Problem to work on: Please repeat, exactly as written, the line containing "Hotel in the" and every line after it through the end of the records below, leaving out any pictures.

═════ Available data

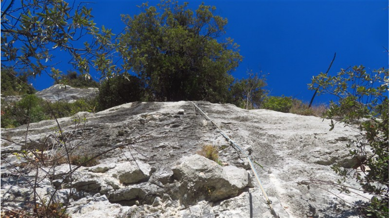
Il muro della quarta lunghezza
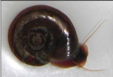
حلزون Biomphalaria glabrata
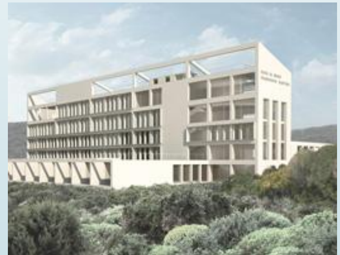
Hotel in the former Sartori summer colony in Funtanazza, Sardinia (Italy), 2008
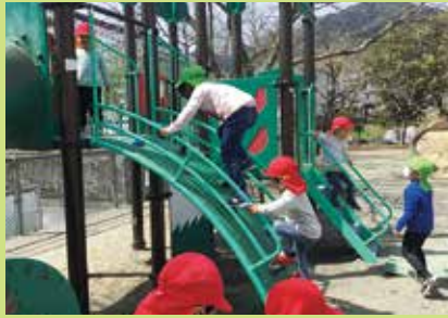
『大きな子をお手本に...』

久万こども園では、だれもが安心して笑顔でくらす社会を目指して、日常の保育の中で、子どもたちはSDGsの課題を考え、体験を通じ学んでいきます。
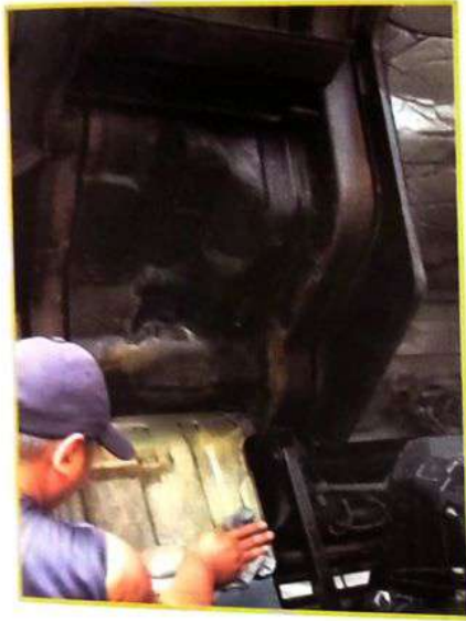
1. Bersihkan area permukaan

══════════

Solved exercise:
Hotel in the former Sartori summer colony in Funtanazza, Sardinia (Italy), 2008
『大きな子をお手本に...』

久万こども園では、だれもが安心して笑顔でくらす社会を目指して、日常の保育の中で、子どもたちはSDGsの課題を考え、体験を通じ学んでいきます。
1. Bersihkan area permukaan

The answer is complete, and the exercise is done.